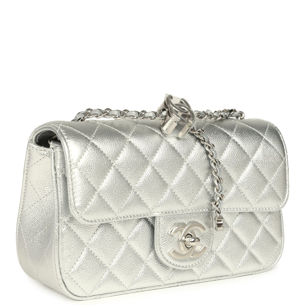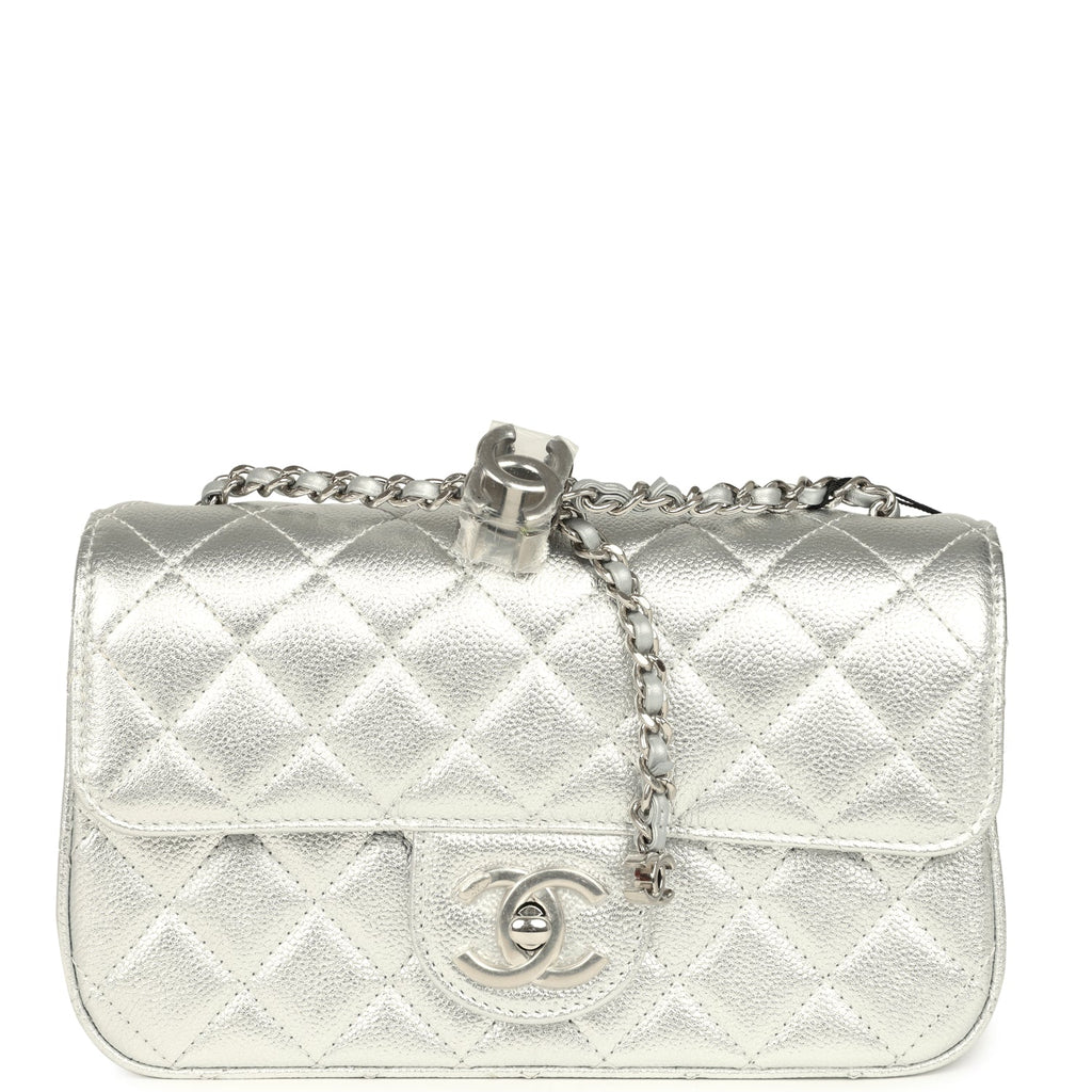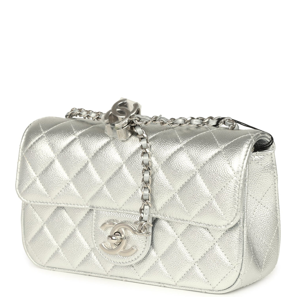 Chanel Mini CC Crush Flap Bag Silver Metallic Caviar Silver Hardware
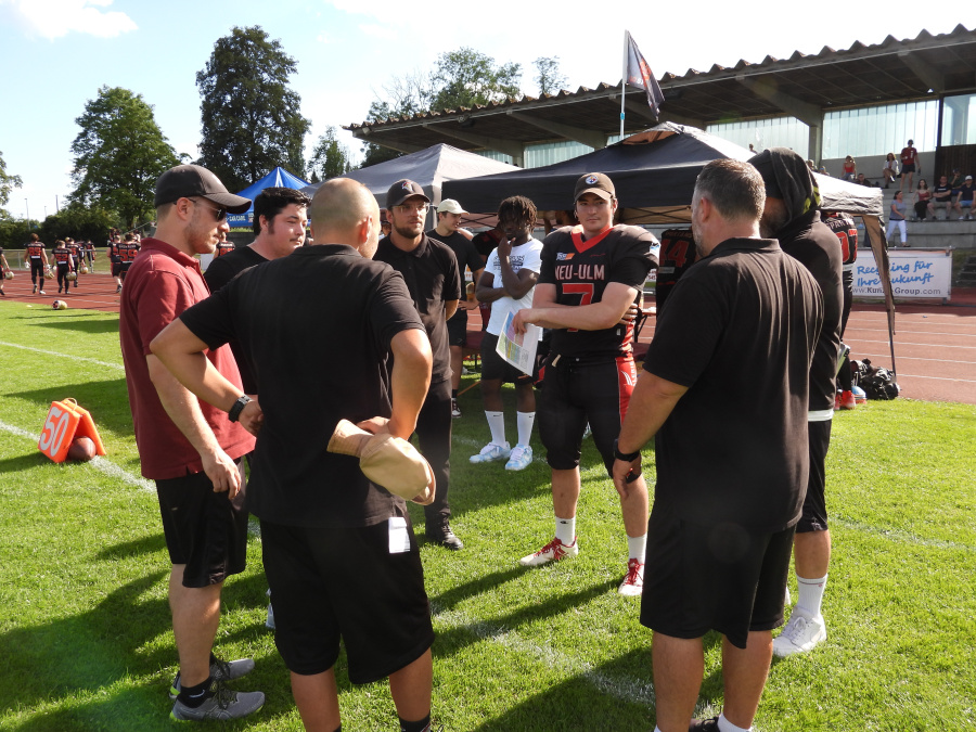 "In der Halbzeit gab es für uns Coaches nicht viel zu sagen, außer Lob für die Offense, die auch in dieser Konstellation sbestens funktioniert hat. Dass Patrick in seinem ersten vollen Spiel als Quarterback in der ersten Halbzeit zwei Touchdowns wirft und drei selbst erläuft, sind schon unglaubliche Zahlen. Und das, wo er die Position seit zwei Jahren nicht trainiert hat, weil er sonst als Wide Receiver so starke Leistungen liefert", sagte Headcoach Daniel Koch als Zwischenfazit.
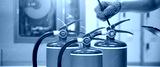 Fire extinguisher has hand engineer checking pressure gauges with exit door to prepare fire equipment for protection in emergency case and safety or rescue and alarm system training concept.

Exercise details:
Everything in the data except the pictures must be transcribed exactly.

Result of this task:
 Chanel Mini CC Crush Flap Bag Silver Metallic Caviar Silver Hardware
 "In der Halbzeit gab es für uns Coaches nicht viel zu sagen, außer Lob für die Offense, die auch in dieser Konstellation sbestens funktioniert hat. Dass Patrick in seinem ersten vollen Spiel als Quarterback in der ersten Halbzeit zwei Touchdowns wirft und drei selbst erläuft, sind schon unglaubliche Zahlen. Und das, wo er die Position seit zwei Jahren nicht trainiert hat, weil er sonst als Wide Receiver so starke Leistungen liefert", sagte Headcoach Daniel Koch als Zwischenfazit.
 Fire extinguisher has hand engineer checking pressure gauges with exit door to prepare fire equipment for protection in emergency case and safety or rescue and alarm system training concept.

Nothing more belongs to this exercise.